Exercise objective
Would you please repeat, word for word, only the lines from the one holding "The book is" through the one holding "蛋餅皮不夠酥但整體口感不差,蔬菜口味的份" in the material below, without the pictures?

Available records
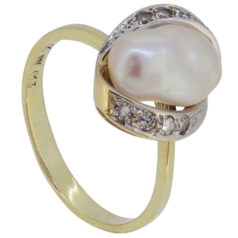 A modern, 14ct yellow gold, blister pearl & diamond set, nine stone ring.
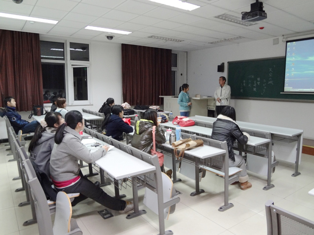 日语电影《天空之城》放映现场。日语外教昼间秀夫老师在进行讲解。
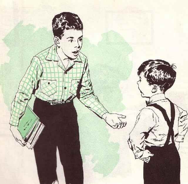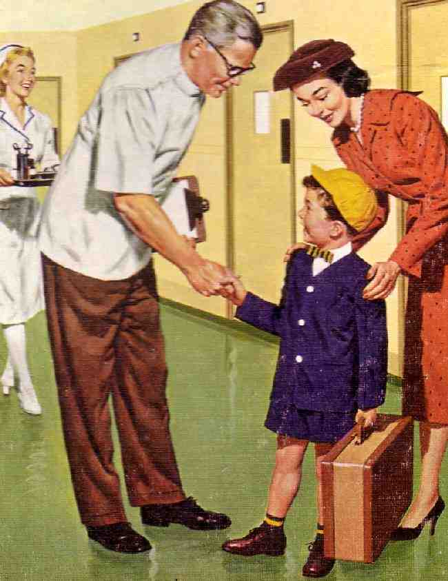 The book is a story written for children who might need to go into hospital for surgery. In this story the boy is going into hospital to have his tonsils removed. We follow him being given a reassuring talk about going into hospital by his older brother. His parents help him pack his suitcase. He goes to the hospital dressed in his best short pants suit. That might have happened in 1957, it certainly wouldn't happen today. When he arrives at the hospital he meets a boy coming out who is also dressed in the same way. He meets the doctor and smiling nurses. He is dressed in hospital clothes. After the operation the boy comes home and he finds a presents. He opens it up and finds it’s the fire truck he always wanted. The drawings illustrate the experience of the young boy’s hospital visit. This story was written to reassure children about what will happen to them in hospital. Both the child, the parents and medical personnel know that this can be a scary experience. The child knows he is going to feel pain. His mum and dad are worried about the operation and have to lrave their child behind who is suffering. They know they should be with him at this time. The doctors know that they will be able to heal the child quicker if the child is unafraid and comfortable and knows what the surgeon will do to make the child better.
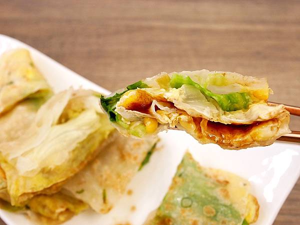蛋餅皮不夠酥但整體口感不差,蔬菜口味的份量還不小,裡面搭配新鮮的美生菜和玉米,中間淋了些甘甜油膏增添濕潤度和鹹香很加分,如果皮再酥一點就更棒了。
---
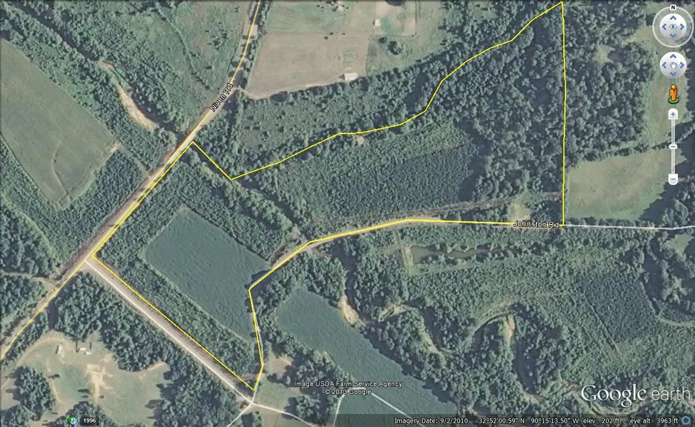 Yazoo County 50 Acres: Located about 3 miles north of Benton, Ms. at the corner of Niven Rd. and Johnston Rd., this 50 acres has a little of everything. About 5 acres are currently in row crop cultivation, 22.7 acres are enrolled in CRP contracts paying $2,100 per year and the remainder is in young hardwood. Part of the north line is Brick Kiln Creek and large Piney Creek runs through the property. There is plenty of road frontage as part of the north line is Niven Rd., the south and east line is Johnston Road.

Task result
 The book is a story written for children who might need to go into hospital for surgery. In this story the boy is going into hospital to have his tonsils removed. We follow him being given a reassuring talk about going into hospital by his older brother. His parents help him pack his suitcase. He goes to the hospital dressed in his best short pants suit. That might have happened in 1957, it certainly wouldn't happen today. When he arrives at the hospital he meets a boy coming out who is also dressed in the same way. He meets the doctor and smiling nurses. He is dressed in hospital clothes. After the operation the boy comes home and he finds a presents. He opens it up and finds it’s the fire truck he always wanted. The drawings illustrate the experience of the young boy’s hospital visit. This story was written to reassure children about what will happen to them in hospital. Both the child, the parents and medical personnel know that this can be a scary experience. The child knows he is going to feel pain. His mum and dad are worried about the operation and have to lrave their child behind who is suffering. They know they should be with him at this time. The doctors know that they will be able to heal the child quicker if the child is unafraid and comfortable and knows what the surgeon will do to make the child better.
蛋餅皮不夠酥但整體口感不差,蔬菜口味的份量還不小,裡面搭配新鮮的美生菜和玉米,中間淋了些甘甜油膏增添濕潤度和鹹香很加分,如果皮再酥一點就更棒了。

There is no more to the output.